*Task objective*:
Type out the data exactly as given. Skip any image.

*Input data*:
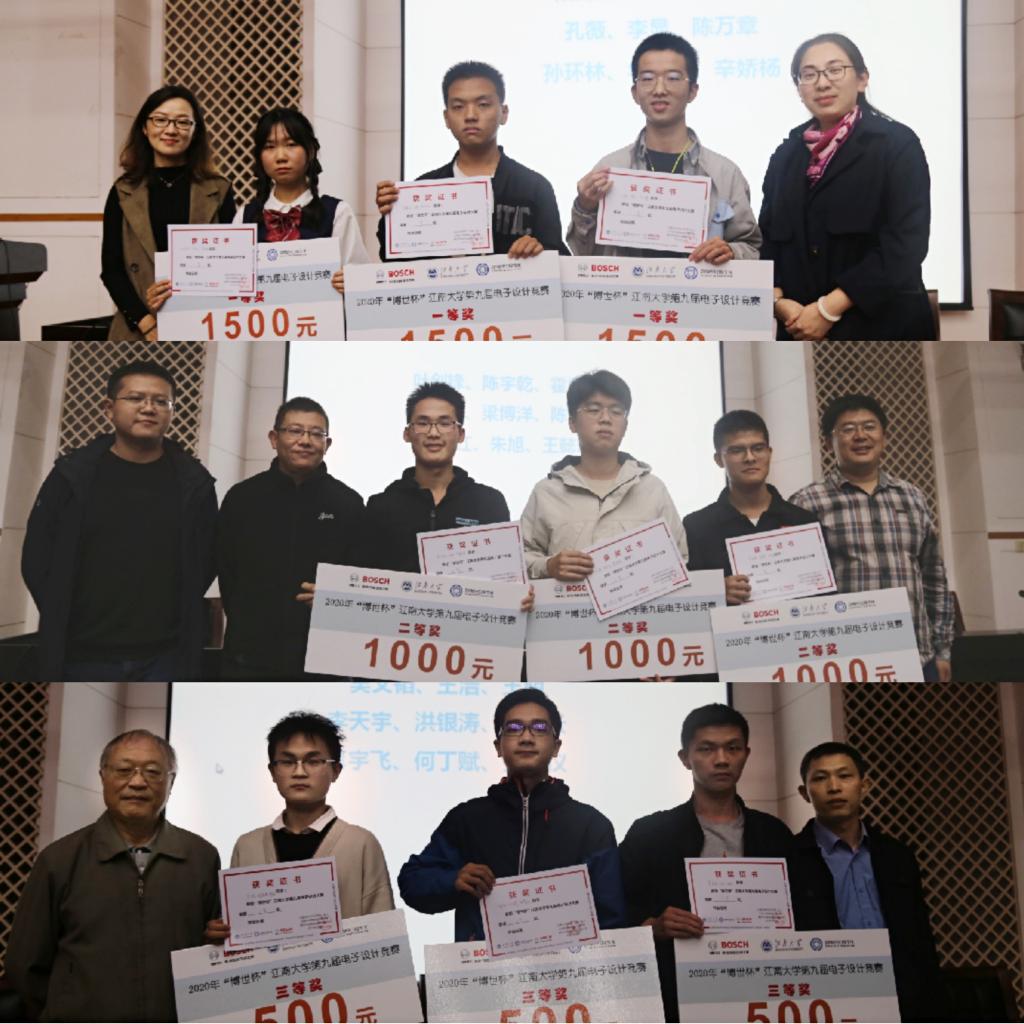仪式伊始,吴垚老师带领大家回顾了本届次竞赛的开展情况。本届电子设计竞赛校赛是在今年上半年疫情常态化防控形势下举办的一届竞赛,因受疫情影响,本届竞赛较往年延迟了2个月。但在博世公司的持续资助以及国产主播大力组织支持下,在严格按照疫情防控要求的基础上,国产主播组织了40余名学生返校参与电子设计竞赛的集训和选拔,并组织由10余名教师组成了竞赛指导团队,通过集中性讲座培训、分散性设计训练、针对性问题解答等方式,对学生团队进行了深入细致的竞赛指导,使参赛学生收获颇丰。同时,在赛制上进行创新,由之前的选1题参赛改为选2题参赛,拓宽了学生的学习和训练方向,为省赛选题奠定坚实基础。最终共有9支参赛队在比赛中脱颖而出,分获一等奖、二等奖、三等奖。在本次颁奖仪式上,孔丽丹宣读了获奖名单,并代表国产主播向获奖团队表示祝贺,她勉励获奖团队能够再接再厉、苦练本领,争取在更高级别的竞赛中取得优异成绩,同时他鼓励其他团队,特别是新加入俱乐部的同学们,一定要珍惜企业和国产主播为大家提供的参赛平台,潜心学习,用心训练,向获奖团队多学习经验,争取未来成为竞赛中的强手,也通过参赛为自己个人的未来打牢专业基础。随后,出席本次颁奖仪式的嘉宾、领导和老师们为获奖团队颁发了奖状和奖金。
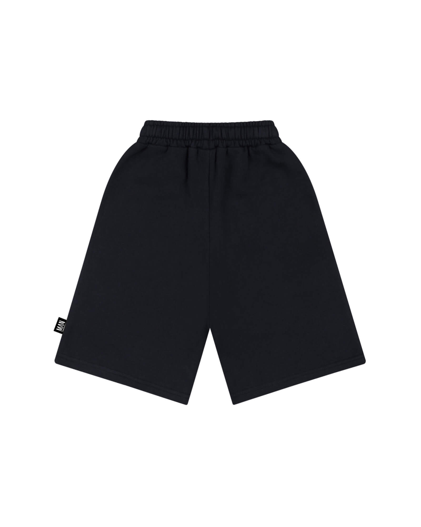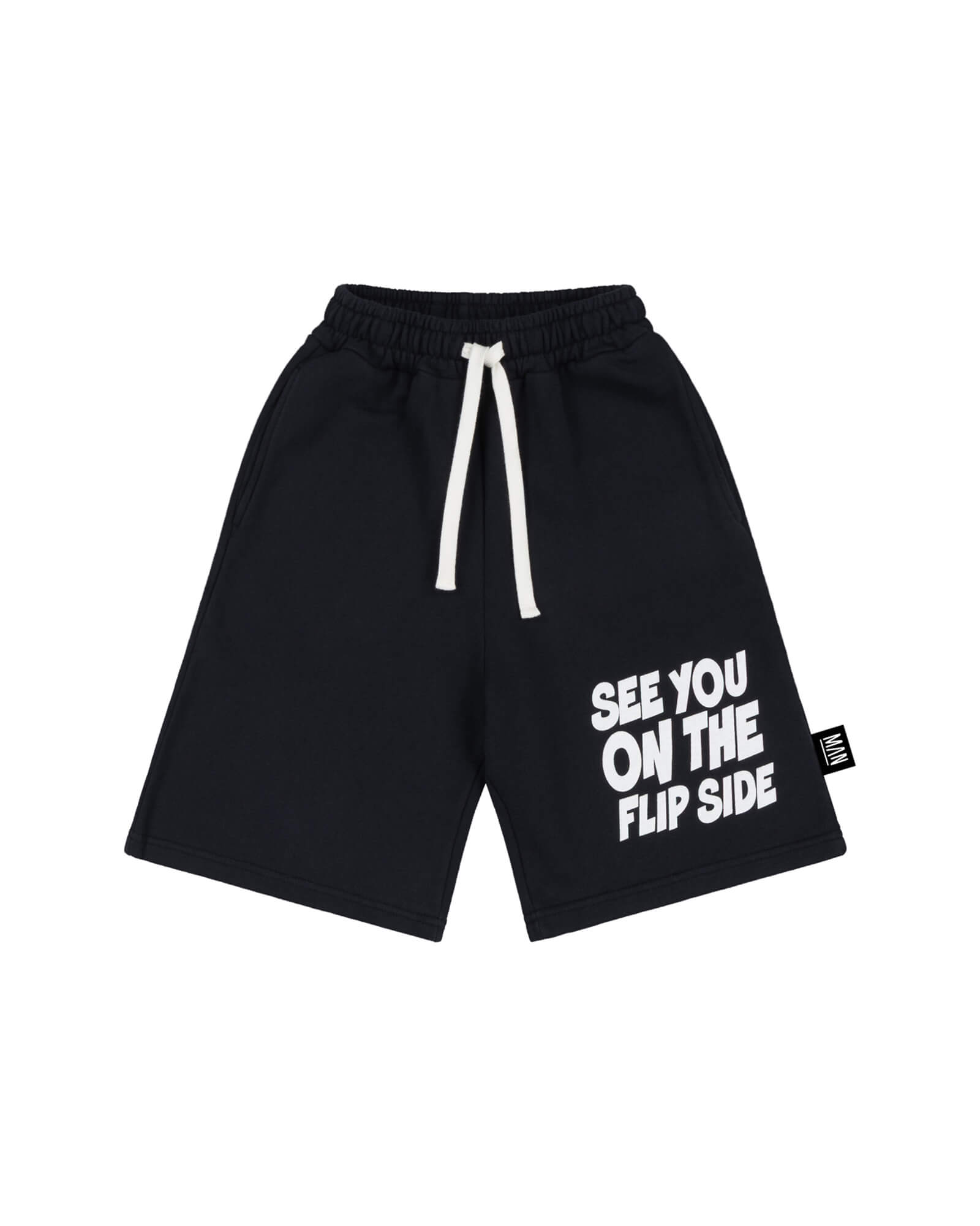 Black street long shorts in organic cotton American fleece with bold FLIPSIDE typography print and white flat drawstring. Relaxed silhouette with statement attitude.
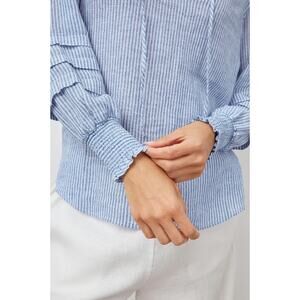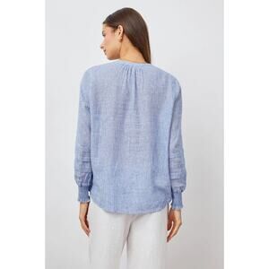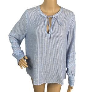 This top by Rails is a pull over style with ties at the neck (keyhole neck). Top has pleated details on the sleeves and smocked elastic cuffs. Fabric is a lightweight linen/rayon blend with a blue and white striped pattern. Minimal wear, top is in excellent condition!

*The answer*:
仪式伊始,吴垚老师带领大家回顾了本届次竞赛的开展情况。本届电子设计竞赛校赛是在今年上半年疫情常态化防控形势下举办的一届竞赛,因受疫情影响,本届竞赛较往年延迟了2个月。但在博世公司的持续资助以及国产主播大力组织支持下,在严格按照疫情防控要求的基础上,国产主播组织了40余名学生返校参与电子设计竞赛的集训和选拔,并组织由10余名教师组成了竞赛指导团队,通过集中性讲座培训、分散性设计训练、针对性问题解答等方式,对学生团队进行了深入细致的竞赛指导,使参赛学生收获颇丰。同时,在赛制上进行创新,由之前的选1题参赛改为选2题参赛,拓宽了学生的学习和训练方向,为省赛选题奠定坚实基础。最终共有9支参赛队在比赛中脱颖而出,分获一等奖、二等奖、三等奖。在本次颁奖仪式上,孔丽丹宣读了获奖名单,并代表国产主播向获奖团队表示祝贺,她勉励获奖团队能够再接再厉、苦练本领,争取在更高级别的竞赛中取得优异成绩,同时他鼓励其他团队,特别是新加入俱乐部的同学们,一定要珍惜企业和国产主播为大家提供的参赛平台,潜心学习,用心训练,向获奖团队多学习经验,争取未来成为竞赛中的强手,也通过参赛为自己个人的未来打牢专业基础。随后,出席本次颁奖仪式的嘉宾、领导和老师们为获奖团队颁发了奖状和奖金。
 Black street long shorts in organic cotton American fleece with bold FLIPSIDE typography print and white flat drawstring. Relaxed silhouette with statement attitude.
 This top by Rails is a pull over style with ties at the neck (keyhole neck). Top has pleated details on the sleeves and smocked elastic cuffs. Fabric is a lightweight linen/rayon blend with a blue and white striped pattern. Minimal wear, top is in excellent condition!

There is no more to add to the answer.